- _SOURCE DATA_:
- Opening Delimiter -
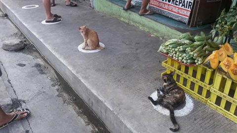 แมวจรจัดครอบครองเครื่องหมายเว้นระยะทางสังคม (social distancing) ในตลาดที่ฟิลิปปินส์
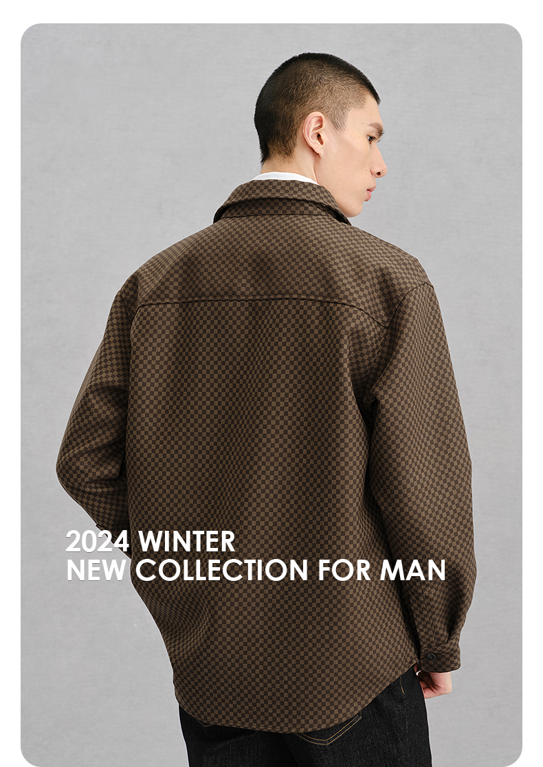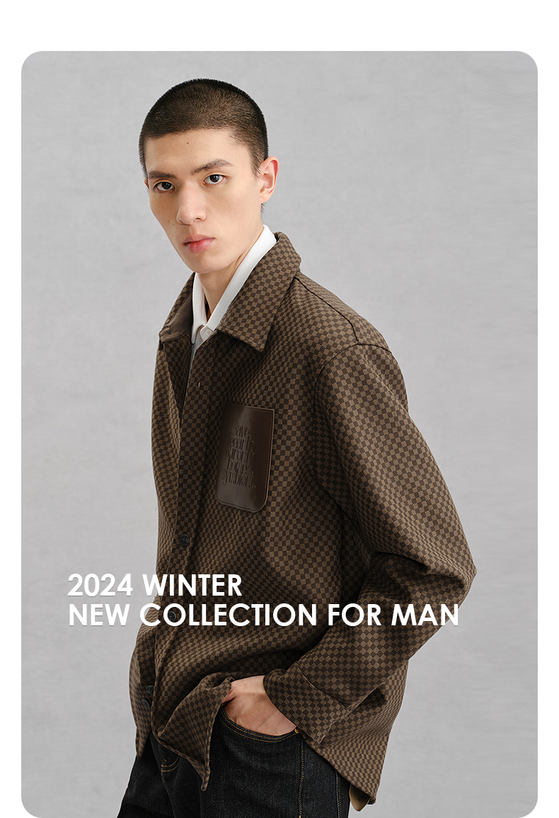 GXG男装 棕色肌理斜纹通勤短款大衣 24冬热卖G24X064027
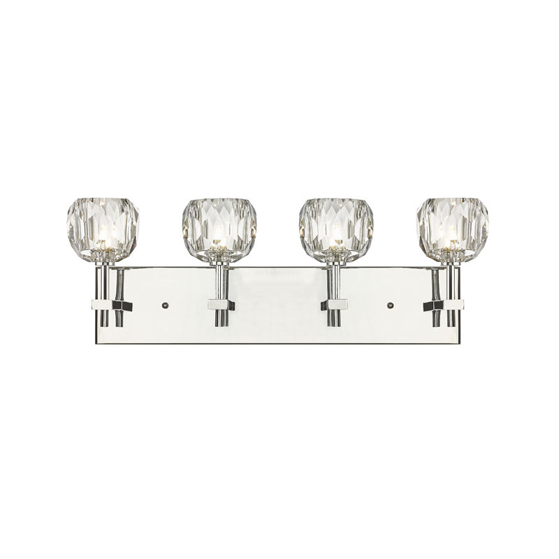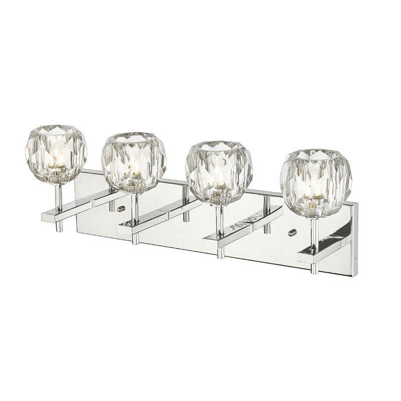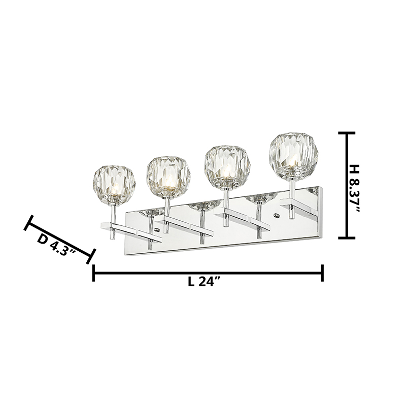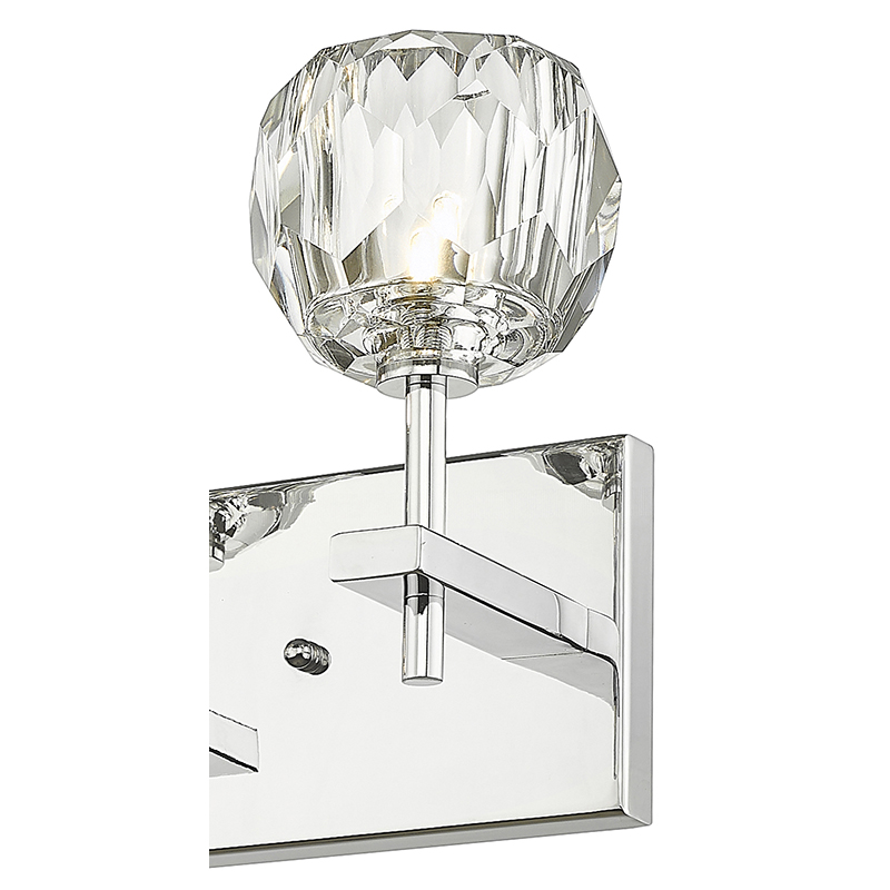 A CHROME FRAME WALL SCONCE WITH CLEAR CRYSTAL SHADES
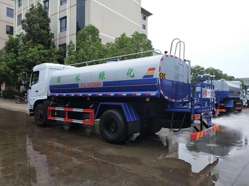 灑水車性能簡介;吸程≧7米,灑水寬度≧14-16米,射程≧25-40米,引水時(shí)間<5min,流量60m3/h。前沖(噴)、后灑、帶側(cè)噴(花灑)、帶后工作平臺(tái)、平臺(tái)上安裝綠化灑水高炮(炮噴射形狀可調(diào)節(jié):直沖、大雨、中雨、毛毛雨、霧狀、可連續(xù)調(diào)節(jié),360°旋轉(zhuǎn)),配消防接口,自流閥,濾網(wǎng),帶自吸自排功能。配備大功率專用灑水泵,泵可自吸自排,安裝過濾網(wǎng),帶消防接口,可通過消防栓進(jìn)水,帶自流閥,隨車選裝20米綠化卷盤,可噴灑農(nóng)藥,罐體金屬漆。罐體有橢圓和方圓罐兩種,可根據(jù)用戶的要求定做。
- Closing Delimiter -
- _YOUR OBJECTIVE_: An exact copy of the listing is needed, minus its pictures.

- _OUTPUT BELOW_:
 แมวจรจัดครอบครองเครื่องหมายเว้นระยะทางสังคม (social distancing) ในตลาดที่ฟิลิปปินส์
 GXG男装 棕色肌理斜纹通勤短款大衣 24冬热卖G24X064027
 A CHROME FRAME WALL SCONCE WITH CLEAR CRYSTAL SHADES
 灑水車性能簡介;吸程≧7米,灑水寬度≧14-16米,射程≧25-40米,引水時(shí)間<5min,流量60m3/h。前沖(噴)、后灑、帶側(cè)噴(花灑)、帶后工作平臺(tái)、平臺(tái)上安裝綠化灑水高炮(炮噴射形狀可調(diào)節(jié):直沖、大雨、中雨、毛毛雨、霧狀、可連續(xù)調(diào)節(jié),360°旋轉(zhuǎn)),配消防接口,自流閥,濾網(wǎng),帶自吸自排功能。配備大功率專用灑水泵,泵可自吸自排,安裝過濾網(wǎng),帶消防接口,可通過消防栓進(jìn)水,帶自流閥,隨車選裝20米綠化卷盤,可噴灑農(nóng)藥,罐體金屬漆。罐體有橢圓和方圓罐兩種,可根據(jù)用戶的要求定做。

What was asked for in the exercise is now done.